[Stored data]
-- Opening Marker --
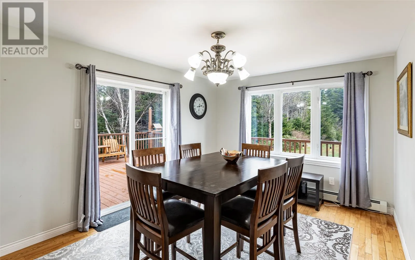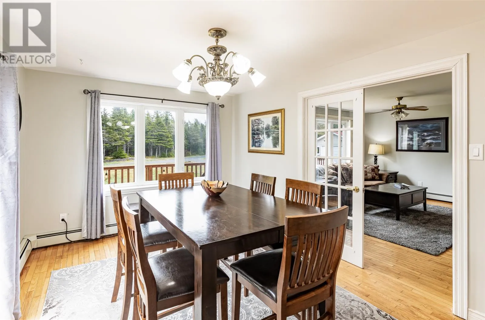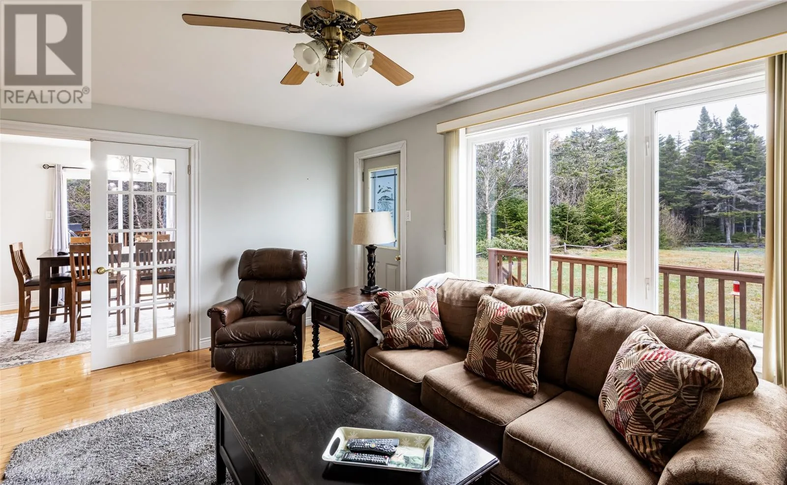 Pass Crescent Collegiate and house is located across street about 5 house past Rideouts Garage. Go in driveway and keep right Charming Country Retreat on the Baccalieu Coastal Drive Less Than Hour to St. Johnâs & Minutes to The Famous Dildo Brewery! Welcome to your perfect home away from home! Nestled in a serene park-like setting, this beautiful home offers the ideal blend of modern comfort and country charm. Whether youâre looking for a peaceful getaway, a full-time residence, or a turnkey Airbnb opportunity, this property checks all the boxes. Almost completely redone in recent years, this home boasts a new roof, updated plumbing, fresh flooring, modern bathrooms, and a stylish new paint job throughout. The main floor features a spacious layout with a bright and functional kitchen, dining area and living room, plus a convenient half-bath and laundry area. Upstairs, youâll find a generous primary bedroom, a comfortable guest room, and a four-piece bathroom complete with a walk-in Jet Tub. Enjoy your morning coffee or evening wine on the Juliet balcony that overlooks the peaceful surroundings. The basement offers excellent additional living space with a large rec room, games room, and a versatile office or den. Step outside to a wraparound deck and patio, ideal for relaxing or entertaining. Thereâs also a 16â x 20â detached garageâperfect for storing tools, toys, or outdoor gearâand ample parking for up to 10 vehicles and a duck pond. This home also is equipped with a Generac Generator which kicks in within seconds of a power outage that is propane fueled and can keep you powered for weeks. The laundry, stove and BBQ are also propane to save on your bills. Donât miss this unique opportunity to own a beautifully updated home in a picturesque location. A must-see property with incredible potential! (id:27476)
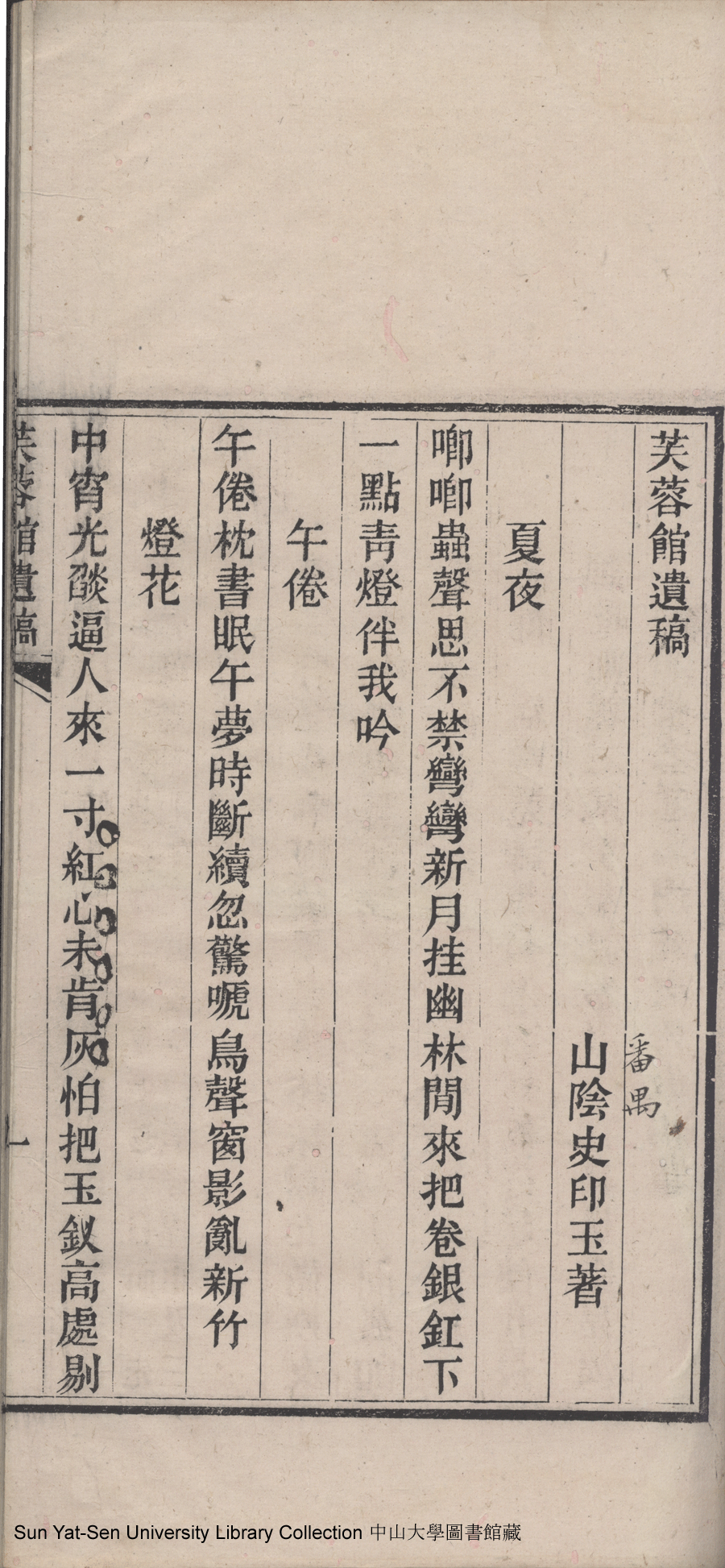 | 原書: 芙蓉館遺稿:一卷(清史印玉撰) |
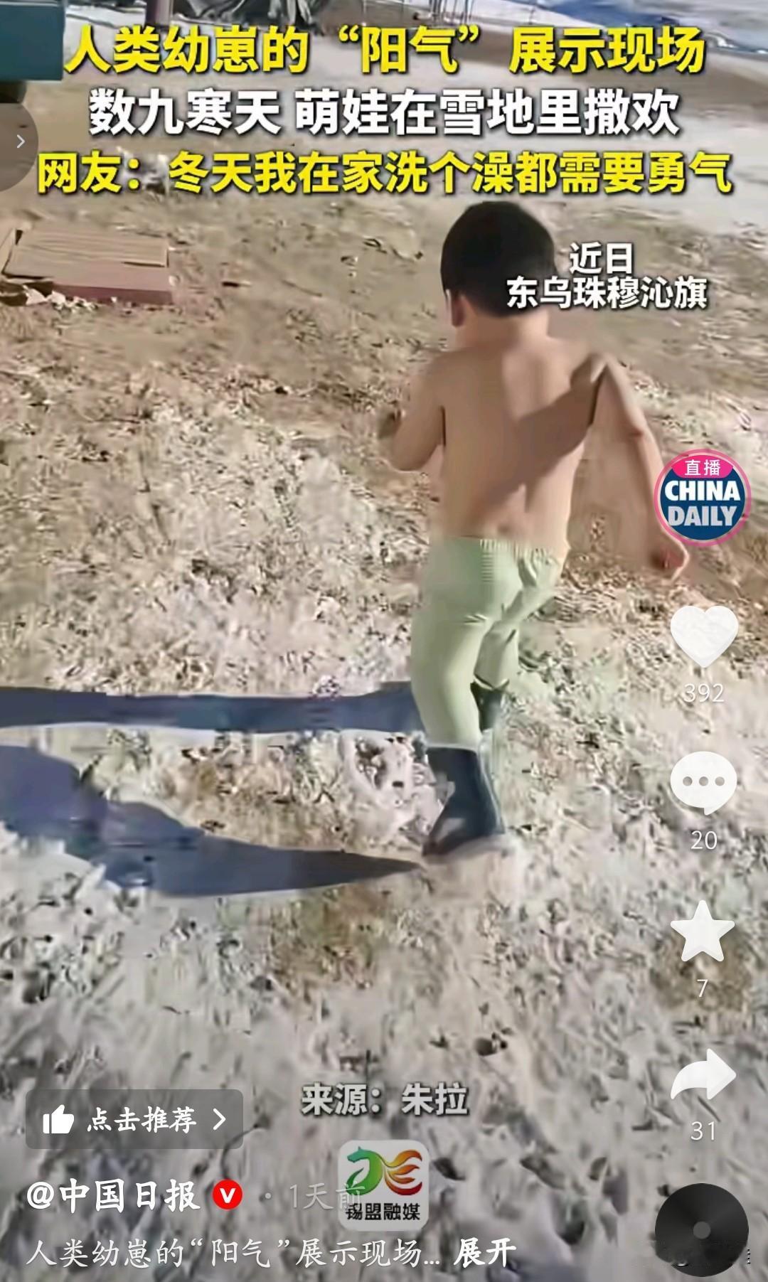 能上“人民日报”是有原因的。 数九寒天里,东乌珠穆沁旗的雪地上,一个光膀子的萌娃撒欢儿跑着,小脸冻得红扑扑却笑得没心没肺。妈妈说他平时很少感冒,身子骨特别皮实。 这一幕戳中了无数网友:我们冬天在家洗个澡都要做半小时心理建设,娃却在雪地里玩得不亦乐乎。这份浑然天成的“阳气”,没有刻意的挑战,只有草原孩子最本真的生命力。它让我们想起,原来最动人的成长,就是在天地间自在舒展,不用温室呵护,照样能长出扛住风雪的筋骨。
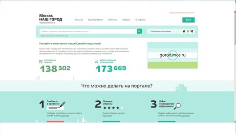 Ранее сообщалось, что почти за 2 года работы городские порталы "Наш город", "Дороги Москвы" и "Дома Москвы" посетили 3,5 млн человек. От жителей Москвы получено более 100 тысяч сообщений по 40 проблемным темам
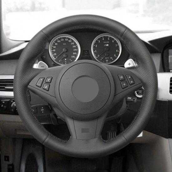 Black Leather Steering Wheel Cover For BMW 5 6 Series E60 E61 530d 2003-2010
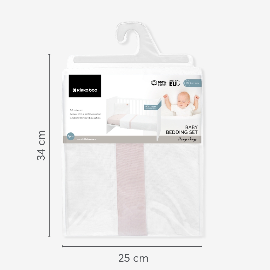 The Baby Bedding Set HEDGE-HUGS 3pcs is crafted from premium 100% ranforce cotton, bringing both comfort and charm to your baby’s nursery. Designed to fit baby cots sized 60x120 cm, it will ensure a peaceful sleep environment for your little one.
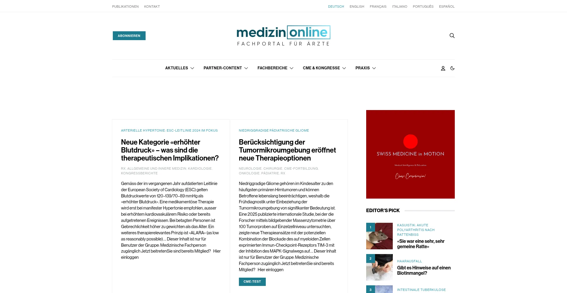 Medizinische Fachartikel, Fortbildungen und CME-Tests, sowie Kongressberichte und News für Ärzte und medizinische Fachpersonen.
-- Closing Marker --
== Work order ==
Transcribe all lines above exactly, skipping pictures.

== Exercise solution ==
 Pass Crescent Collegiate and house is located across street about 5 house past Rideouts Garage. Go in driveway and keep right Charming Country Retreat on the Baccalieu Coastal Drive Less Than Hour to St. Johnâs & Minutes to The Famous Dildo Brewery! Welcome to your perfect home away from home! Nestled in a serene park-like setting, this beautiful home offers the ideal blend of modern comfort and country charm. Whether youâre looking for a peaceful getaway, a full-time residence, or a turnkey Airbnb opportunity, this property checks all the boxes. Almost completely redone in recent years, this home boasts a new roof, updated plumbing, fresh flooring, modern bathrooms, and a stylish new paint job throughout. The main floor features a spacious layout with a bright and functional kitchen, dining area and living room, plus a convenient half-bath and laundry area. Upstairs, youâll find a generous primary bedroom, a comfortable guest room, and a four-piece bathroom complete with a walk-in Jet Tub. Enjoy your morning coffee or evening wine on the Juliet balcony that overlooks the peaceful surroundings. The basement offers excellent additional living space with a large rec room, games room, and a versatile office or den. Step outside to a wraparound deck and patio, ideal for relaxing or entertaining. Thereâs also a 16â x 20â detached garageâperfect for storing tools, toys, or outdoor gearâand ample parking for up to 10 vehicles and a duck pond. This home also is equipped with a Generac Generator which kicks in within seconds of a power outage that is propane fueled and can keep you powered for weeks. The laundry, stove and BBQ are also propane to save on your bills. Donât miss this unique opportunity to own a beautifully updated home in a picturesque location. A must-see property with incredible potential! (id:27476)
 | 原書: 芙蓉館遺稿:一卷(清史印玉撰) |
 能上“人民日报”是有原因的。 数九寒天里,东乌珠穆沁旗的雪地上,一个光膀子的萌娃撒欢儿跑着,小脸冻得红扑扑却笑得没心没肺。妈妈说他平时很少感冒,身子骨特别皮实。 这一幕戳中了无数网友:我们冬天在家洗个澡都要做半小时心理建设,娃却在雪地里玩得不亦乐乎。这份浑然天成的“阳气”,没有刻意的挑战,只有草原孩子最本真的生命力。它让我们想起,原来最动人的成长,就是在天地间自在舒展,不用温室呵护,照样能长出扛住风雪的筋骨。
 Ранее сообщалось, что почти за 2 года работы городские порталы "Наш город", "Дороги Москвы" и "Дома Москвы" посетили 3,5 млн человек. От жителей Москвы получено более 100 тысяч сообщений по 40 проблемным темам
 Black Leather Steering Wheel Cover For BMW 5 6 Series E60 E61 530d 2003-2010
 The Baby Bedding Set HEDGE-HUGS 3pcs is crafted from premium 100% ranforce cotton, bringing both comfort and charm to your baby’s nursery. Designed to fit baby cots sized 60x120 cm, it will ensure a peaceful sleep environment for your little one.
 Medizinische Fachartikel, Fortbildungen und CME-Tests, sowie Kongressberichte und News für Ärzte und medizinische Fachpersonen.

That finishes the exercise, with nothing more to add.